The Case for Commercialism

THE PRESS

The recent suggestion that Virginia football teams be allowed to play one game or more each year with a worthy opponent in one of the larger cities appears entirely worthwhile to us. At this time, there is a University ruling which prohibits such action on the part of our teams and recent efforts to repeal it, through the Board of Visitors, have failed to produce any effect.

An objection has been raised to the effect that, in playing such a game. Virginia would be lowering herself, to the level of commercialism in athletics, to a certain extent, and thus to a resultant over-doing of the game.
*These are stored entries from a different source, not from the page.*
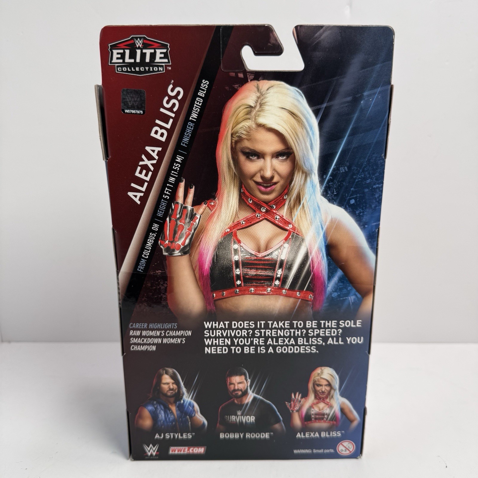WWE Mattel Elite Collection – Survivor Series: Alexa Bliss. Includes the RAW Women’s Championship title and detailed ring gear with pink highlights in her iconic goddess look. Fully articulated collector-grade figure with an accurate likeness of Alexa. A must-have for WWE figure collectors and fans of “Little Miss Bliss”. Comes with official WWE licensed hologram for authenticity. Figure height: approx. 6 in Brand: Mattel ©2018 Contents: 1 figure + accessory (championship) Recommended for ages 8+
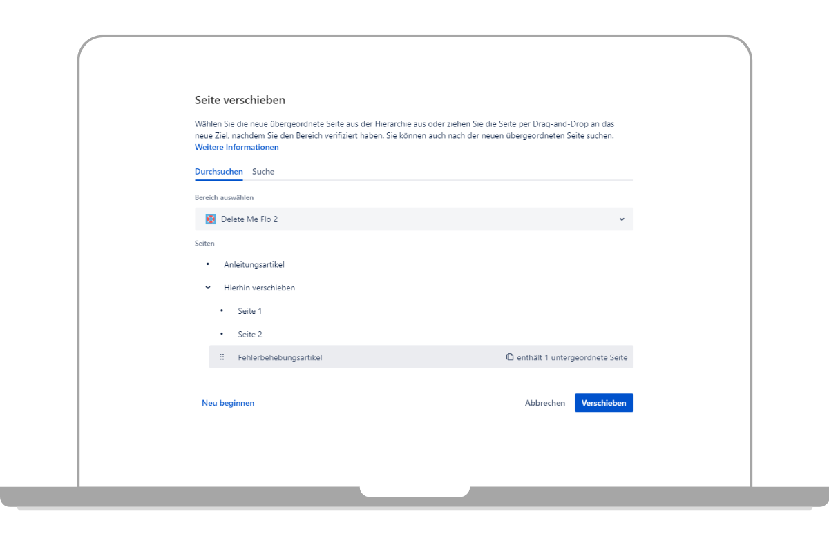 - Durchsuchen: Bei dieser Option sehen Sie alle Seiten eines ausgewählten Bereichs und deren Anordnung. Sie können dann einfach eine Seite markieren, die Ihre neue übergeordnete Seite sein soll oder per Drag&Drop die Seite, die Sie verschieben möchten, an die entsprechende Position setzen.
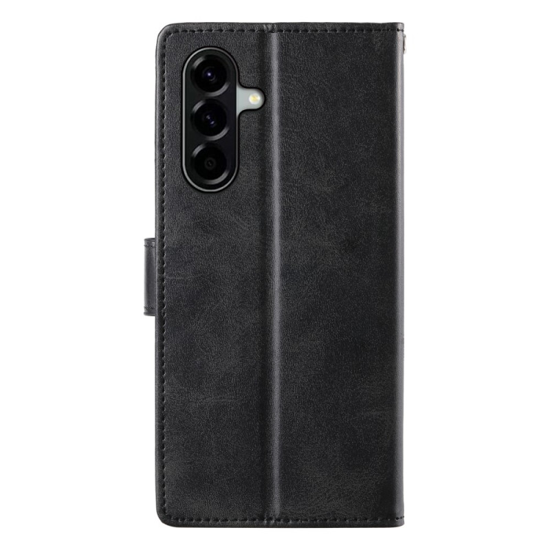 Étui portefeuille élégant en cuir PU texture veau pour Samsung Galaxy A37 5G. Design sophistiqué avec support ajustable, fermeture magnétique et dragonne pratique. Protégez votre téléphone avec style tout en gardant vos cartes à portée de main.
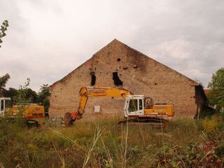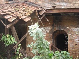 Das Merkel-Gebäude mit dem Zick-Zack-Ofen im Erdgeschoss und dem Trockenboden darüber wurde im Herbst 2012 abgerissen.
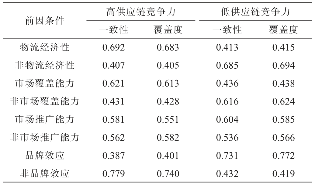 进行组态分析之前,需对单一条件进行必要性分析。由表3可知,所有前因条件对结果的必要性均未超过0.9[37]。结果表明,无论是高供应链竞争力还是低供应链竞争力,均不依赖于单一因素,因此需要对前因条件组态的影响进行深入研究。
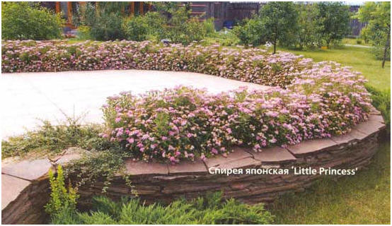 Но не только стелящиеся формы растений помогут вам «закрыть землю» на альпийской горке или между другими растениями. Обратите внимание на компактные и низкорослые карликовые формы различных кустарников. Это может быть спирея японская “Alpina” («Альпийская»), “Little princess” («Маленькая принцесса»). Лично мне очень симпатичны карликовые барбарисы с красной, оранжевой и даже пёстрой листвой. Кустарники такого рода имеют плотную подушковидную крону высотой, как правило, не более 25-40 см. Посадив их на небольшом (но достаточном для жизни) расстоянии друг от друга, вы получите тот же эффект, которого ожидаете от стелящихся растений, но значительно быстрее. Спирея японская Little Princess.

In one breath, the statement frequently is made that we want athletics for all--intramural athletics--and in the next breath, we hear that the University should keep away from Baltimore, Washington, and Richmond because to have teams play in such places would not be exactly in keeping with our purely amateur outlook and our love of the game for the game's sake. But we seldom realize that football pays for practically all other sports and that one big game before a large audience would do more towards assisting "athletics for all" than any other single factor.

Personally, we feel that the name of Virginia would appear to far better advantage in a Washington, Baltimore, or Richmond setting than in some of our customary Virginia towns whose identity would still be unknown if it were not for Rand-McNally and an efficient census bureau. College Topics, U. of Va.